Popular Kuwaiti sawt singer Hamad Khalifa passes away at the age of 89


(MENAFN- Arab Times) Late singer was known for his mastery of oud

Hamad Khalifa

KUWAIT CITY, July 19, (KUNA): Kuwaiti popular sawt singer and performer Hamad Khalifa, considered one of the icons of traditional Kuwaiti music, passed away on Wednesday at the age of 89. The late singer was renowned for performing old folk songs in the traditional Kuwaiti musical styles of sawt and samry.

He was also known for his mastery of oud and other string instruments. Khalifa, whose full name is Hamad Khalifa Ali Al-Saqer, was born in 1929 in Al-Mawash neighborhood in the old area of Jibla in Kuwait City.

Following his parents' death at a young age, Khalifa grew up as an orphan living at his relatives' home in the Murqab area of Kuwait City. He received his education, which consisted merely of memorizing the Holy Quran, reading, and writing Arabic, from the schools of Sayed Hashem Al-Henayan, Mulla Marshad, and Al- Mubarakeya.

His interest in music began when listening to old vinyl records of sawt music, played at public coffee houses. Sat inside these cafes, he would listen passionately for hours to the songs and melodies, prompting him to develop a love for oud - a necassary component of this type of music.

It was then he decided to learn how to play this diverse instrument, which he mastered soon after. Khalifa joined other fellow musicians and began to play at samras - a Kuwaiti word used to describe private in-door sessions which combine sawt ensembles.

As his performances developed over time, Khalifa began to perform at major community-renowned samras alongside other prominent counterparts, such as Saud Al-Arrouj. He also performed at wedding parties and concerts, sponsored by stateowned enterprises, such as the Kuwait Oil Company, to which he was employed.

Strangely enough, the late singer's first opportunity on the microphone was not in Kuwait. While on transit as a member of a Kuwaiti dhow naval merchant expedition he performed a sawt song for the first time on a radio station in the East African archipelago of Zanzibar.

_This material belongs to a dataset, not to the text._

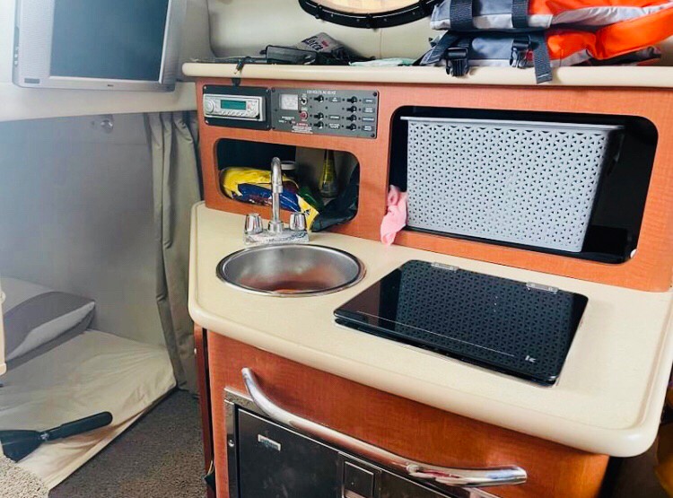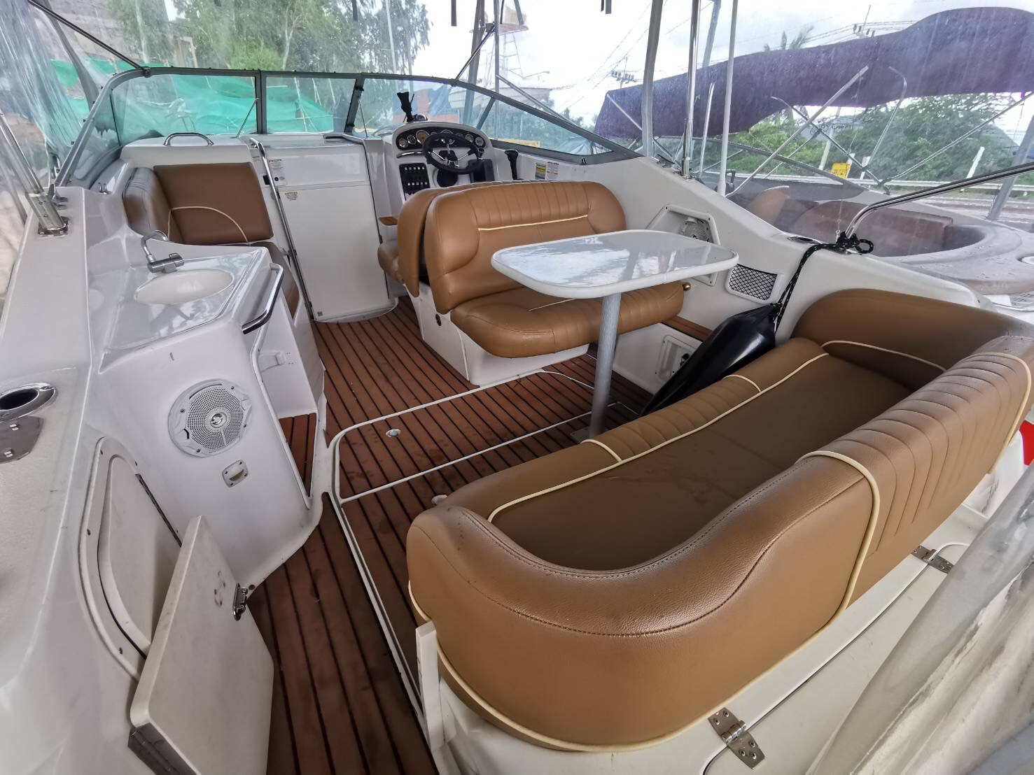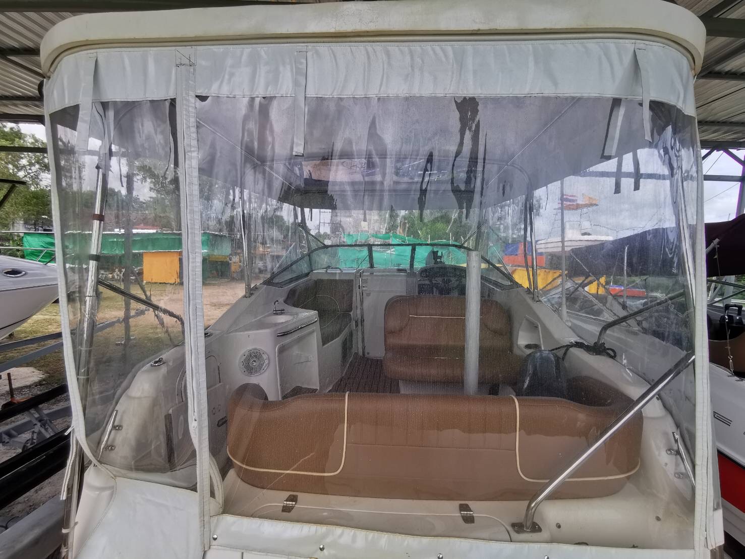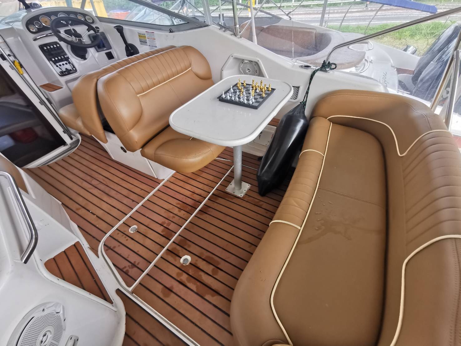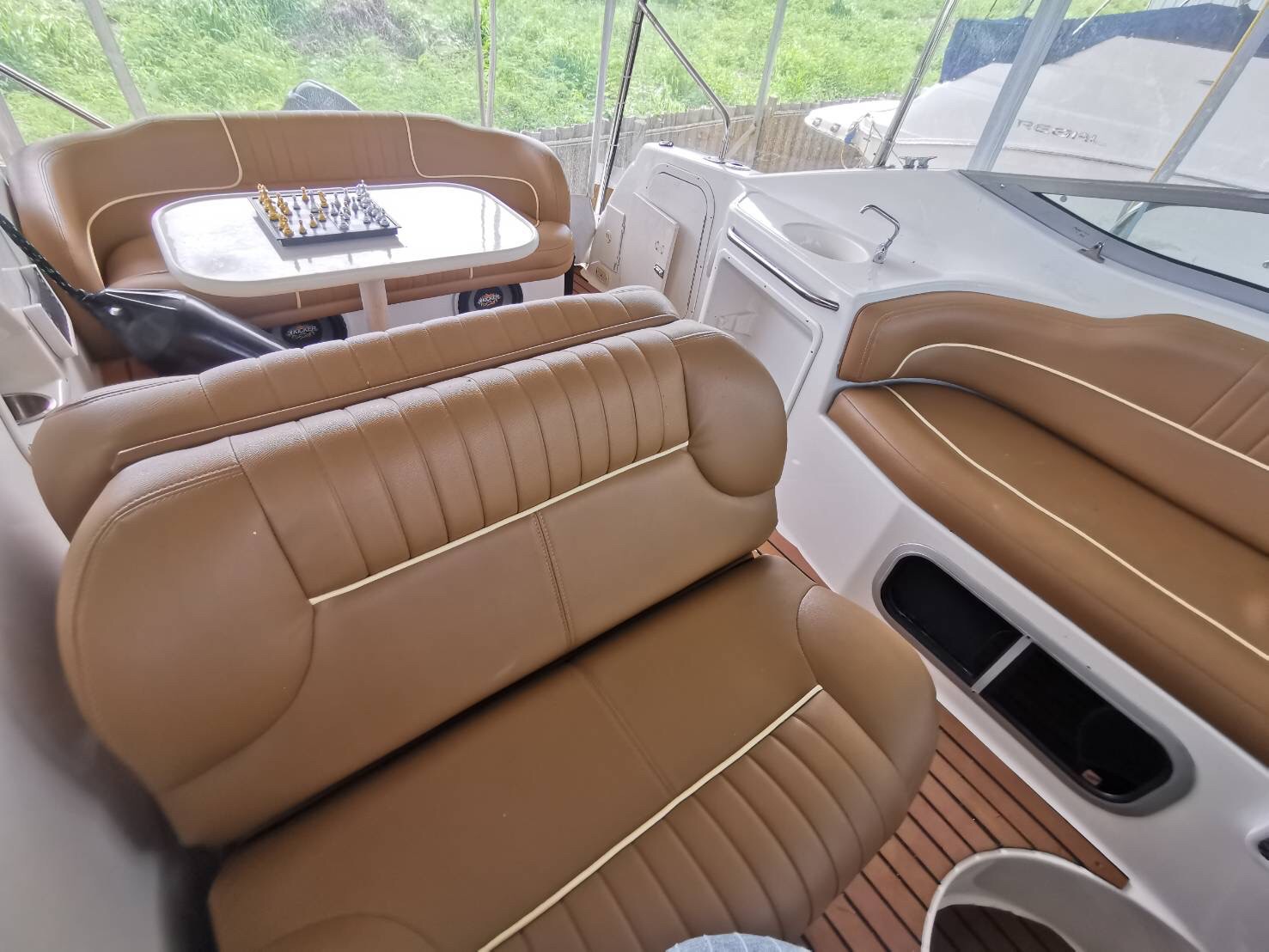 selling a cruising boat Chaparral 240 signature 2006 on a trailer with a Lowrance HDS 12 professional echo sounder and a gas BBQ. There is a solar panel on the roof. The boat has everything you need to go out to sea for a few days and nights: restroom, kitchen, 3 sleeping areas for 5-6 people.
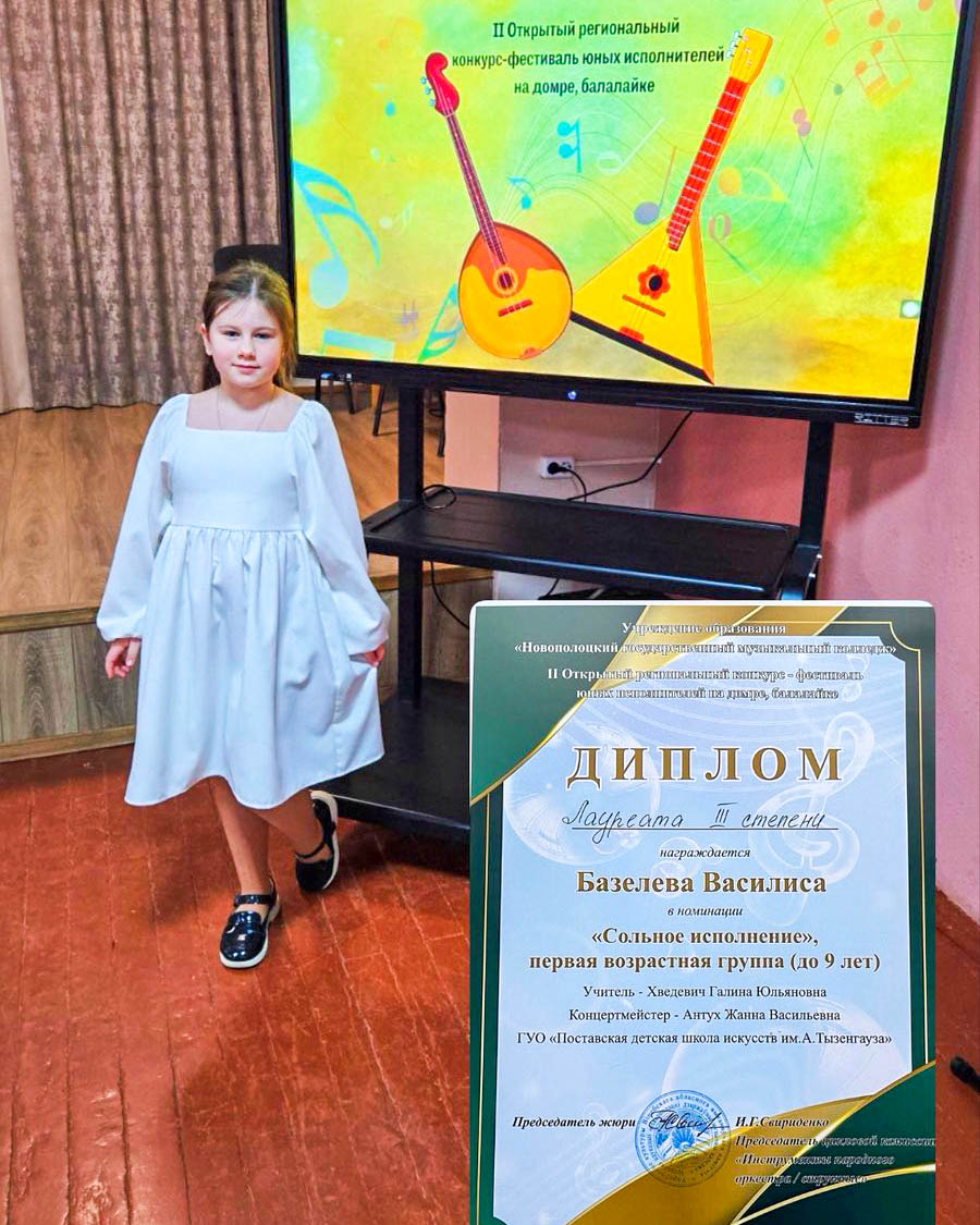 Ученица Поставской школы искусств имени А. Тизенгауза Василиса Базелева на II Открытом региональном конкурсе исполнителей на домре и балалайке в Новополоцке награждена дипломом лауреата III степени.

He was accompanied on the mirwas, a small double-sided hand-held drum, by Majed Awadh, who happens to be a kin to the famous Awadh Doukhi, an iconic Kuwaiti singer. Khalifa released his first record in 1949 under the Bahrain-based Taha Records, owned by fellow Kuwaiti Taha Sabry. He also recorded for Bahrain Phone Records, owned by Ibrahim Taqi.

In 1954, Khalifa released another record under independent label, Bou- Zaid Phone Company, in Kuwait. He also performed regularly on the publically-owned Radio Kuwait, after stints on Radio Shereen, a private local radio station.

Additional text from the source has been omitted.